シゲルとの対話
本日二話目
キリが良い、というよりは次の話が長いのでラストです
「すまなかった。ミクルには単純にキミが霊視官補佐から昇格したことだけを伝えるようにと伝えたつもりだったのだが」
開口初めからシゲルはしっかりと頭をリクに対して下げた。もっとも隣のミクルの頭を押さえつけながら・・・ではあるが。
「ああ、その件はなかったことにしてください」
「いや、しかし・・警察上層部の判断でね。組合・・・というかレイジさんの許可も得ている。私もキミを霊視官にするのには賛同している。もっと君にこれから活躍してもらいたいのだ」
「ですから、無かったことにしていただきたい。そもそも組合(世界霊視能力者管理組合)から私は何も聞いていませんが?」
「組合についてはミクルから通達が言っているはずだが・・・まだリク君に通知がいっていないだけだろう。(隣でミクルが慌ててコクコクと頷いた)
一応霊視官になりたくない理由を聞いてもいいかね?成年になれば嫌でもキミは霊視官にならなくてはならない。それが早まるだけであるし、今まで以上に給料もよくなるはずだ」
「・・・私は、一高校生である今、そこまで働く気はありません。霊視官となれば今まで声がかかっていなかったところから大量に仕事の依頼が来るでしょう。特例で霊視官になるほど優秀な霊視官となればなおさらです。しかも住宅手当も切れる。そうですよね」
「・・・では、こちらの方で仕事がこれ以上増えないように調整しよう。追加して住宅手当も約束する。確かに、我々の中にはキミにもっと働いてほしいという意思があったのは確かだが・・・こうなってしまっては致し方ない。キミがこの国からいなくなる方が、損失がでかいからな」
「周囲に騒がれるのも嫌なのですが・・」
「その辺はこれから交渉しよう。こちらは賠償金を払う用意があるし、なんなら思念波遮断フィルタ(霊視能力を下げるフィルタ。高位の霊視能力者が、自身の霊視能力によって、周囲の人の感情に当てられないようにするもの)を組合に言って支給させる。
もっとも、これは全ての霊視官、および霊視官補佐に言えることではあるがね」
「護衛に四六時中付きまとわられるのも嫌なのですが・・・」
「その件だが・・・怪我の功名とでもいうべきか、おそらく、キミの今回の一件を上層部に報告すれば、護衛の人数や時間は減らせるだろう。

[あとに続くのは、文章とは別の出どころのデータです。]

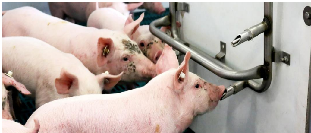
Slika 8. Napajanje svinja
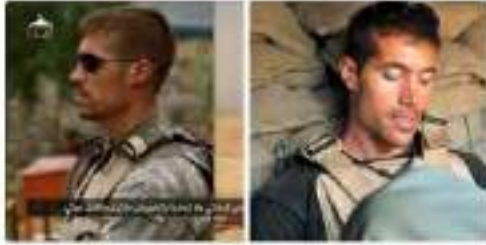
جرائم الحرب من اليمن وخطوة العساة

جانب من حملة التعتيم الجوي أثناء الهجوم على الكنكات الحشيش الصقوي جنوب ولاية العلوحة # الدولة_الإسلامية
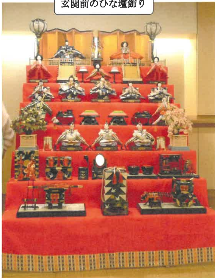
玄関前のひな壇飾り
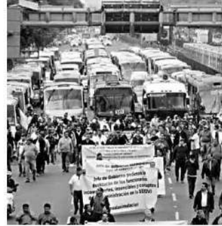
· Los han marginado

Al respecto, la Secretaría de Movilidad de la Ciudad de México (Semovi) puntualizó que se han realizado mesas de diálogo entre la dependencia y los manifestantes, pero que, aclaró, la protesta responde al “descontento de un grupo minoritario”.
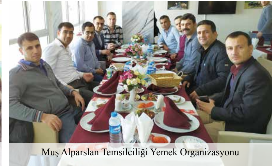
Muş Alparslan Temsilciliği Yemek Organizasyonu
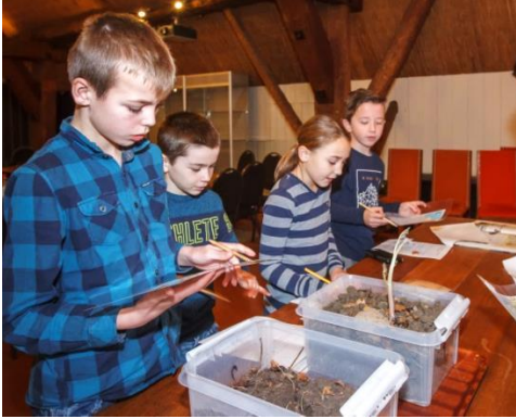
Op ontdekking in het museum.

In de grote tuin achter het museum is van alles te zien over de geschiedenis van de natuur en een boerenerf, met een boomgaard, grienden, stukjes weiland en veel meer. Tijdens een tuinwandeling kom je veel tegen. Kom het allemaal beleven.
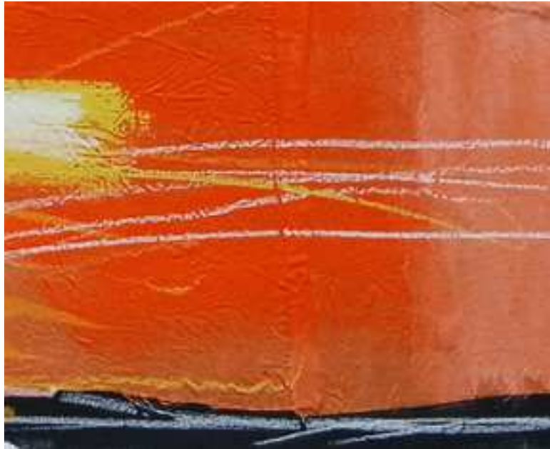
ESCENA DE CAZA (2025) Detalles
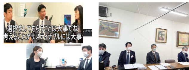
社長インタビュー(札幌)

【主な活動】経営懇話会(経営対話)、職場懇話会(所属長対話) 【重点ポイント】雇用・労働条件維持の前提となる企業存続や発展、各社の企業ビジョン実現や、経営戦略の実効性向上、現場課題の解決に繋げる
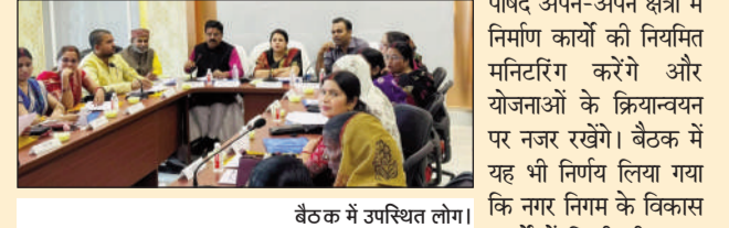
बैठक में उपस्थित लोग।

मोतिहारी(एनएसबी)। नगर निगम क्षेत्र में संचालित होने वाली विकास एवं निर्माण योजनाओं की निगरानी महापौर, उपमहापौर तथा सभी 46 निगम पार्षदों की देखरेख में की जाएगी। इस संबंध में महापौर, उपमहापौर एवं सभी पार्षदों ने एकमत होकर निर्णय लिया है कि नगर निगम क्षेत्र में बड़े पैमाने पर शुरू होने वाली निर्माण एवं विकास योजनाओं को उनकी निगरानी में गुणवत्तापूर्ण ढंग से पूरा कराया जाएगा। जनप्रतिनिधियों ने कहा कि विकास कार्यों की गुणवत्ता से किसी प्रकार का समझौता नहीं किया जाएगा तथा सभी योजनाओं को तेज गति से पूरा करने का प्रयास किया जाएगा। इसके लिए सभी
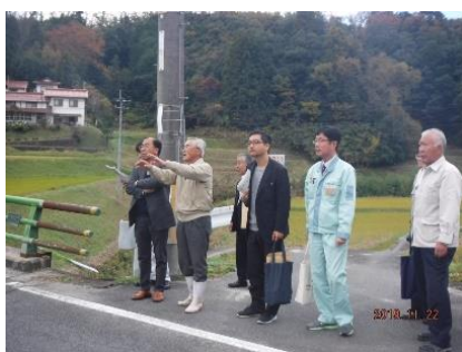
「大東師弟集落保全の会」との意見交換
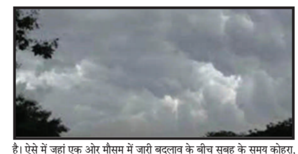
ऐसे में जहां एक ओर मौसम में जारी बदलाव के बीच सुबह के समय कोहरा, दिन में कड़ाके की धूप और शाम होने के साथ सर्द हवाओं के साथ थपड़े की बौच ठंड अपना कहर दिखा रही है, वहीं बुधवार से बारिश को लेकर मौसम

मुज़फ़्फ़रनगर, 22 जनवरी (बु.)। दिल्ली-पुनसीआर के साथ समूचे उत्तर भारत और जनपद में बौते कुछ दिनों से तेज धूप के साथ एक बार फिर से मौसम का मिजाज बदलने के संकेत मिल रहे हैं। हालांकि मौसम विभाग के जारी अलर्ट में रात के समय हल्की बारिश होने की संभावना जताई है, जिसकी वजह से आने वाले दिनों में फिर तापमान गिरेने और सर्दी बढ़ने की संभावना है। अधिकतम तापमान में अगले पांच दिनों के दौरान 4 डिग्री सेल्सियस तक घटने के संकेत हैं। मौसम विभाग के दो दिनों के लिए येलो अलर्ट के बीच आंध्रप्रदेश की ओर से जारी एडवाइजरी में गुरुवार को गज के साथ हल्की बारिश होने की संभावना है। मौसम विभाग के अनुसार बुधवार को न्यूनतम तापमान 9.8 डिग्री व अधिकतम तापमान 24.3 डिग्री सेल्सियस दर्ज किया गया। जिले में आसमान में कोहरा छाए रहने के साथ अब तापमान में कमी आना का अनुमान जताया जा रहा है।
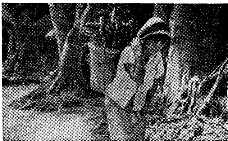
В 300 километрах от острова Кюсю — южной оконечности Японии — находятся острова Амамио-сима. Основными статьями дохода на островах являются выращивание чесуци и сахарного тростника. Население, которое нещадно эксплуатируется крупными японскими фирмами по переработке сахарного тростника и оптовыми дельцами, живет в постоянной нищете. На снимке: женщина-крестьянка несет корзину с бананами, доход от которых едва может прокормить семью.
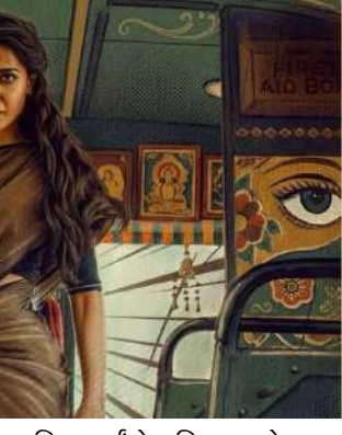
સામિત કર્યું કે પ્રતિભા અને સખત મહેનત સફળતાની ચાવી છે. દક્ષિણ અભિનેત્રી સામંથા રૂથ પ્રભુએ અસંખ્ય મોટી ફિલ્મો અને ભૂમિકાઓ દ્વારા પોતાના માટે એક વિશિષ્ટ સ્થાન બનાવ્યું છે. હવે, "મા ઇન્ટી બંગારામ" એ એક નવો રેકોર્ડ બનાવ્યો છે. ૧૯ જૂનના રોજ રિલીઝ થયા પછી, "મા ઇન્ટી બંગારામ" એ વિશ્વભરમાં ૮૩ કરોડ અને

નંદિની રેડ્ડીની ફિલ્મ 'મા ઇન્ટી બંગારામ' રિલીઝ થયા પછી જ જબરદસ્ત ચર્ચામાં છે. સામન્યા રૂથ પ્રભુના અભિનયથી દર્શકોના દિલ જીતી લીધા. અગાઉ, અનુષ્કા શેટ્ટીની ૨૦૦૯ ની મહિલા-નિર્દેશિત ફિલ્મ "અરંધતી" તેલુગુ સિનેમા માટે એક માપદંડ હતી. એક સમયે જ્યારે ફિલ્મોમાં ઠીરોનું વર્તસ્વ હતું, ત્યારે આ અભિનેત્રીઓએ

ミクルの暴走とはいえ(ミクルがぶんぶんと首を振った。おそらく師匠のレイジの暴走だと言いたいのであろうが、シゲルはそれを察したうえで無視した)8人もの手練れの襲撃者を撃退したわけだからな。護衛はそれほど要るまい」
「ハア・・・それもそれで周囲に絡まれそうですが・・で?ヒカルさんが護衛の予定なんですよね?」
「ああ、表向きはね。ごつい護衛が良いというのであれば別に用意するが・・・」
「いえ、結構です。代わりに結界の魔道具をお願いしたいのですが」
「かまわない」
シゲルはジッとリクのことを見つめた。なにがなんでもリクのことは離さない。そんな目をシゲルはしていた。
「・・・・ハア。今回の一件、とりあえず後でお金の話はするとして、一応これ以上はいいです」
「そうかい。よかっ・・」
「ですが、これはシゲルさん個人への貸しとしておきます。あくまで霊視官になる際の条件のすり合わせと、襲撃の件の保証がこれで終わった。それでいいですか?」
リクはシゲルがホッとしそうになったところで不意打ちをかけた。
リクの言った最後の条件は、実のところ最後通告でもある。シゲルがこの条件を飲まないのであれば、リクは今までの話を全てなかったことにするつもりだった。
だから簡単に霊視官になることを認めたのだ。そのことをシゲルもちゃんと理解したのであろう、シゲルはリクの目をしっかりと見て頷いた。
ヒカルはようやくこの気まずい場違いな場所から解放されると知ってホッとしていた。ミクルはそれとは反対に死んだ魚のような目をしていたが、その場にいる誰もがそれを無視していた。
帰り際、シゲルが不意に言った。もしかしたら先ほどの不意打ちの仕返しかもしれない。
「キミは、多才だな・・・・交渉事にも向いているようだし。その気があるなら私が後見人になるが、どうかね?」
「やめてくださいよ、本当に」
本当に嫌そうにしたリクに対して、シゲルはハハハと軽く笑いながらリクの家を去るのであった。